[EXERCISE REQUIREMENTS] Repeat all entries word for word; skip images.

Collected data:
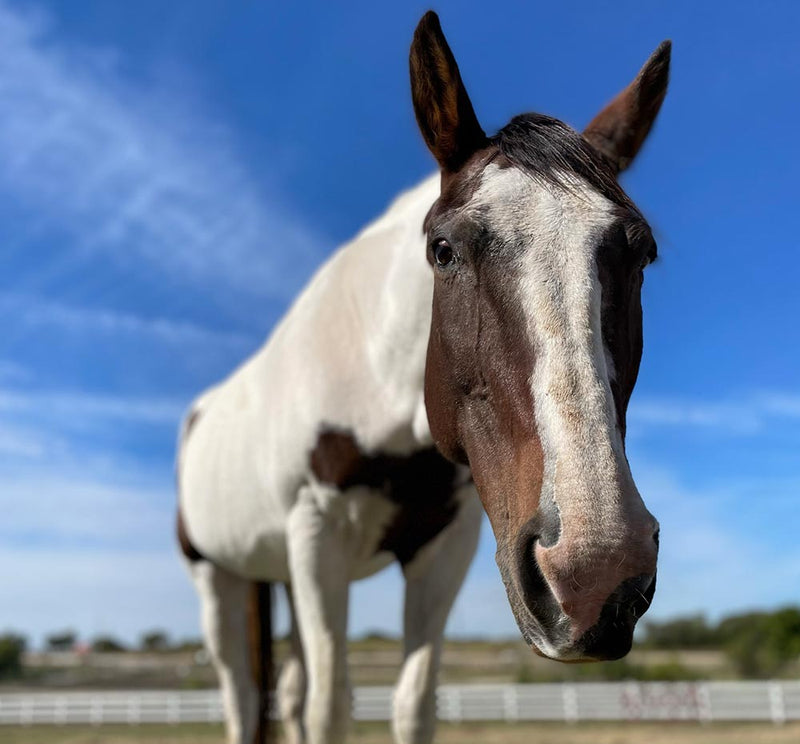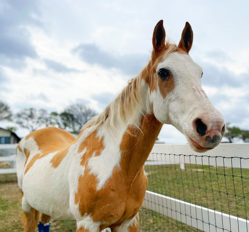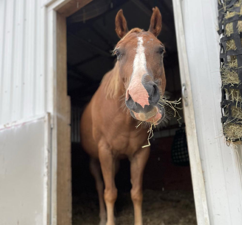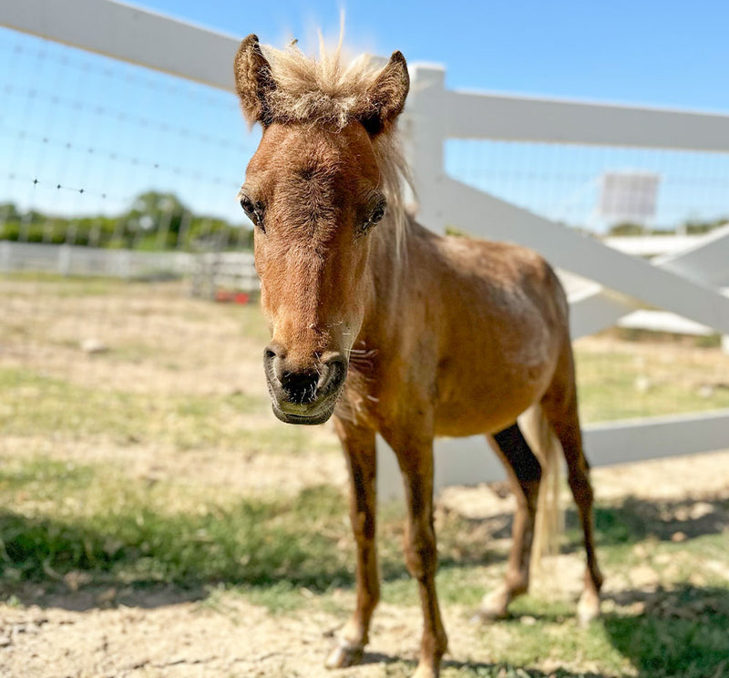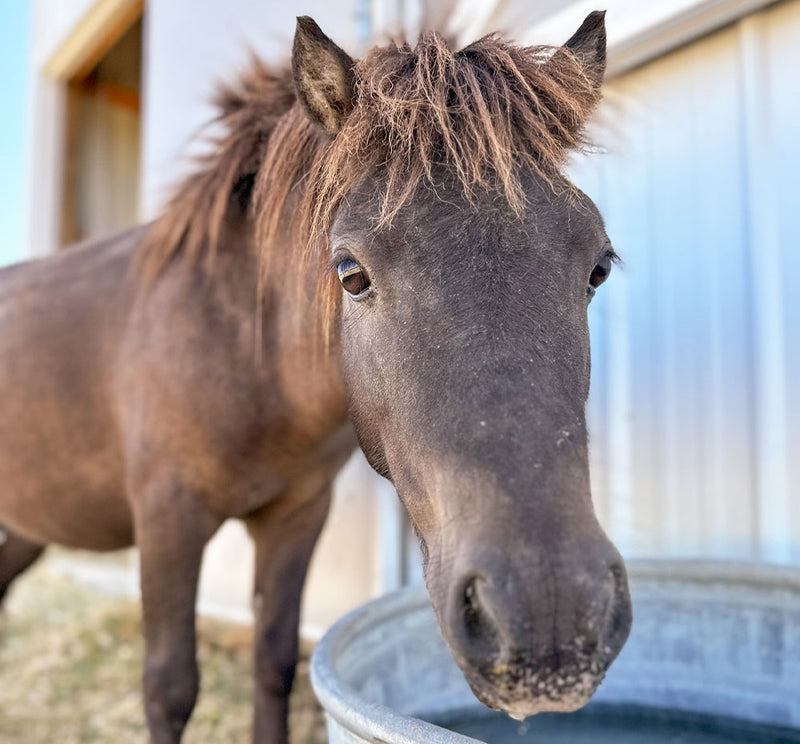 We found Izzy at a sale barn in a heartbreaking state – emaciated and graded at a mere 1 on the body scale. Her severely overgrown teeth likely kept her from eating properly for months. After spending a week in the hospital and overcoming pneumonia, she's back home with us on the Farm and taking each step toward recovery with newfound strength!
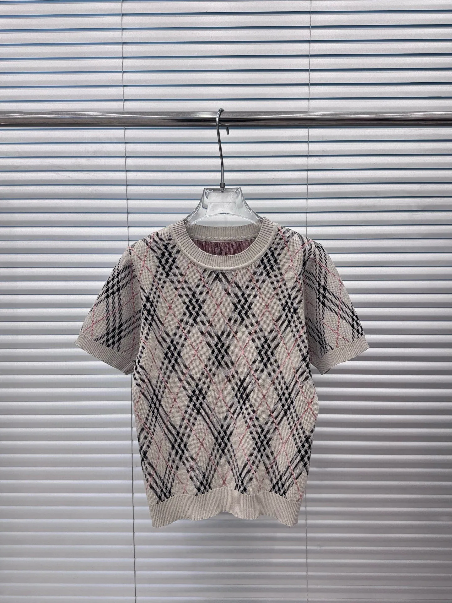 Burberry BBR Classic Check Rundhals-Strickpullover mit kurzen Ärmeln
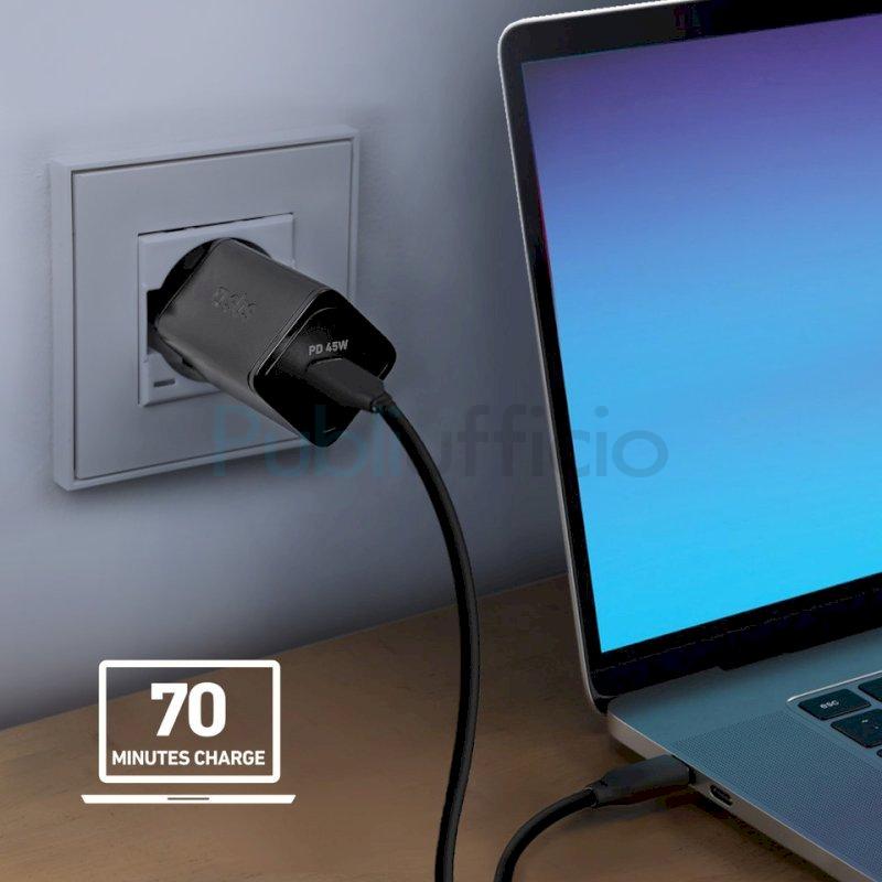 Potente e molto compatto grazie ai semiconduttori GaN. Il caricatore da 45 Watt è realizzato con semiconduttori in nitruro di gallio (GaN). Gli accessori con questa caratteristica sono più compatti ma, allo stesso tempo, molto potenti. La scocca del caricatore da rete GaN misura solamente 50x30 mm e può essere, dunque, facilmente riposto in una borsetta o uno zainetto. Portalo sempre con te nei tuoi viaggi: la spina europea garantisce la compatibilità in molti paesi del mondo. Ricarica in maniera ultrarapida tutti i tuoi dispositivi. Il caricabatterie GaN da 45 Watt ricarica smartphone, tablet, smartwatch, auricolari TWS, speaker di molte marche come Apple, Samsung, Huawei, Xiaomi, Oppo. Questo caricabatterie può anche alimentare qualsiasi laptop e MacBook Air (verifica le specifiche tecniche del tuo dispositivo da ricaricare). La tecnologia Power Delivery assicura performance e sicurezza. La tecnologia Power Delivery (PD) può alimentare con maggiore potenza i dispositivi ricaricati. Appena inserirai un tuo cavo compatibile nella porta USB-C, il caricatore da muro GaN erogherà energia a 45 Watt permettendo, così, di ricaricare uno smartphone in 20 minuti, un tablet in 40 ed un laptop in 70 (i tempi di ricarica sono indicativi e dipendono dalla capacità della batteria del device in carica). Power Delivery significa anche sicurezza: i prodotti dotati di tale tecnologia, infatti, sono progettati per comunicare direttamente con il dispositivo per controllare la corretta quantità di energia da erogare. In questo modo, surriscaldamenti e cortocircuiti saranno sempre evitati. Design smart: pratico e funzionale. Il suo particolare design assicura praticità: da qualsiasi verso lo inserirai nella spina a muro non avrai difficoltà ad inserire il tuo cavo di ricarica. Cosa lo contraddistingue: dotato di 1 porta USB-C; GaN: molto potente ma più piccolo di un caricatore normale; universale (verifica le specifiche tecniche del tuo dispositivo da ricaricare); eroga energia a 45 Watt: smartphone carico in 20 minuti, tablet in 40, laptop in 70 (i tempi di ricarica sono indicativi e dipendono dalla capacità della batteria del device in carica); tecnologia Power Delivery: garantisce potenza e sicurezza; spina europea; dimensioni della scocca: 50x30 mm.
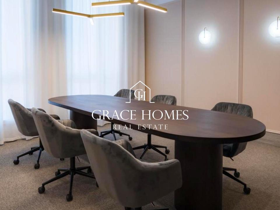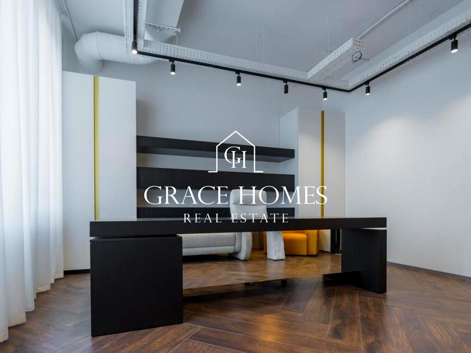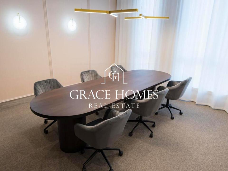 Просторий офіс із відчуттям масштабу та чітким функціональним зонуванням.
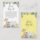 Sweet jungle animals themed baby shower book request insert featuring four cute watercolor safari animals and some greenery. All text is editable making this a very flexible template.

[EXERCISE ANSWER]
 We found Izzy at a sale barn in a heartbreaking state – emaciated and graded at a mere 1 on the body scale. Her severely overgrown teeth likely kept her from eating properly for months. After spending a week in the hospital and overcoming pneumonia, she's back home with us on the Farm and taking each step toward recovery with newfound strength!
 Burberry BBR Classic Check Rundhals-Strickpullover mit kurzen Ärmeln
 Potente e molto compatto grazie ai semiconduttori GaN. Il caricatore da 45 Watt è realizzato con semiconduttori in nitruro di gallio (GaN). Gli accessori con questa caratteristica sono più compatti ma, allo stesso tempo, molto potenti. La scocca del caricatore da rete GaN misura solamente 50x30 mm e può essere, dunque, facilmente riposto in una borsetta o uno zainetto. Portalo sempre con te nei tuoi viaggi: la spina europea garantisce la compatibilità in molti paesi del mondo. Ricarica in maniera ultrarapida tutti i tuoi dispositivi. Il caricabatterie GaN da 45 Watt ricarica smartphone, tablet, smartwatch, auricolari TWS, speaker di molte marche come Apple, Samsung, Huawei, Xiaomi, Oppo. Questo caricabatterie può anche alimentare qualsiasi laptop e MacBook Air (verifica le specifiche tecniche del tuo dispositivo da ricaricare). La tecnologia Power Delivery assicura performance e sicurezza. La tecnologia Power Delivery (PD) può alimentare con maggiore potenza i dispositivi ricaricati. Appena inserirai un tuo cavo compatibile nella porta USB-C, il caricatore da muro GaN erogherà energia a 45 Watt permettendo, così, di ricaricare uno smartphone in 20 minuti, un tablet in 40 ed un laptop in 70 (i tempi di ricarica sono indicativi e dipendono dalla capacità della batteria del device in carica). Power Delivery significa anche sicurezza: i prodotti dotati di tale tecnologia, infatti, sono progettati per comunicare direttamente con il dispositivo per controllare la corretta quantità di energia da erogare. In questo modo, surriscaldamenti e cortocircuiti saranno sempre evitati. Design smart: pratico e funzionale. Il suo particolare design assicura praticità: da qualsiasi verso lo inserirai nella spina a muro non avrai difficoltà ad inserire il tuo cavo di ricarica. Cosa lo contraddistingue: dotato di 1 porta USB-C; GaN: molto potente ma più piccolo di un caricatore normale; universale (verifica le specifiche tecniche del tuo dispositivo da ricaricare); eroga energia a 45 Watt: smartphone carico in 20 minuti, tablet in 40, laptop in 70 (i tempi di ricarica sono indicativi e dipendono dalla capacità della batteria del device in carica); tecnologia Power Delivery: garantisce potenza e sicurezza; spina europea; dimensioni della scocca: 50x30 mm.
 Просторий офіс із відчуттям масштабу та чітким функціональним зонуванням.
 Sweet jungle animals themed baby shower book request insert featuring four cute watercolor safari animals and some greenery. All text is editable making this a very flexible template.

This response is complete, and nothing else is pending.